= Peter Mark (conductor) =

American conductor and violist (born 1940)

Peter Mark (born 31 October 1940, New York) is an American violist, conductor, opera teacher, and the Artistic Director Emeritus of the Virginia Opera, where he served as General and Artistic Director from 1975 to 2010.

== Career ==
As a child Mark performed as a boy soprano at the Metropolitan Opera Children’s Chorus and in 1955 took on the role of Shepherd Boy in a production of Tosca by Dino Yannopoulos. He later attended Columbia University from 1956 to 1961. Consecutive with his senior year at Columbia, he enrolled at The Juilliard School of Music (1960-1965) studying first as a violin pupil of Joseph Fuchs and then as a viola pupil of Walter Trampler. He served as the Principal Violist of the Juilliard Orchestra under Jean Morel from 1960 to 1963.

The year before leaving Juilliard, Mark was appointed as Principal Violist of the Chicago Lyric Opera in their 1964 and 1966 seasons. During this period he was recruited to teach viola and opera at the University of California, Santa Barbara (1965-1992). There he first met the Scottish composer, fellow professor and wife-to-be, Thea Musgrave who was teaching as Guest Professor. Whilst there, she wrote her viola and cello duet Elegy for Peter Mark. While taking a year-long sabbatical from his professorship, Mark became Assistant Principal Violist at the Los Angeles Philharmonic (1968-9). Mark married Musgrave in 1971. In 1973, Musgrave wrote her Viola Concerto(1973) for him, which Mark premiered at the BBC Proms that year with the Royal Scottish National Orchestra and Musgrave conducting. Spending more and more time in the UK and Europe, Mark took up a teaching position in the newly-merged Royal Northern College of Music in Manchester, UK (1974-75).
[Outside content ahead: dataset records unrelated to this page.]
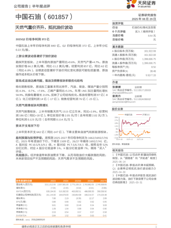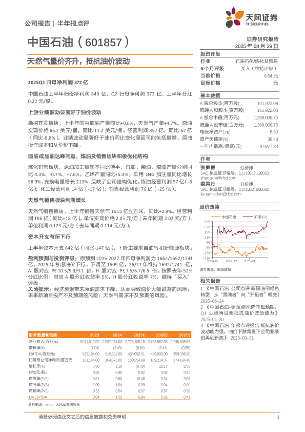 【天风证券】【20250829】中国石油-天然气量价齐升,抵抗油价波动-3页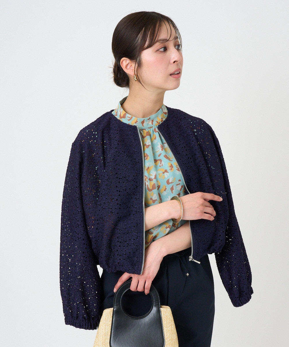 【小さいサイズ】花柄ラッセルレースジップアップブルゾン/洗える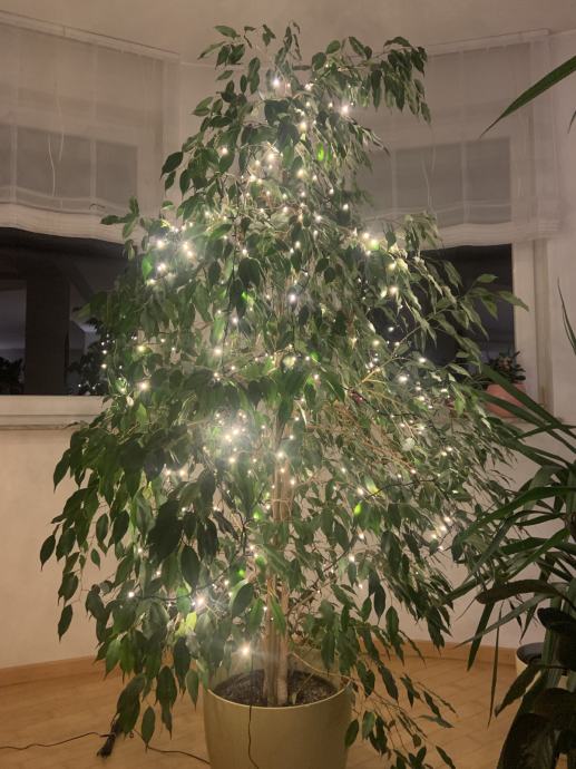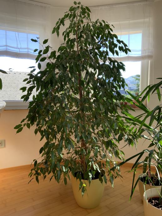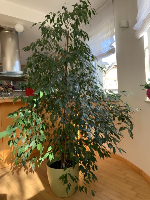 Prodam zelo košat in v obliko drevesa raščen fikus Benjamin. Visok je 200 cm + 35 cm (korenine) in širok 150 cm.

In 1975 Mark returned with his wife to America where he served as conductor, Artistic and General Director of the Virginia Opera. Over thirty-five years in the role, Mark gave over 700 performances of 110 different productions including the US premiere of Musgrave’s seminal opera Mary, Queen of Scots in 1977 and the world premiere her fifth opera A Christmas Carol(1979) which was commissioned by the house. Mark conducted the forces of the Royal Opera House at Sadler’s Wells in the European premiere of the work, which was later broadcast by Granada TV. Since 2013, Mark has worked as an opera coach working predominantly with North and South American singers in Los Angeles and New York City.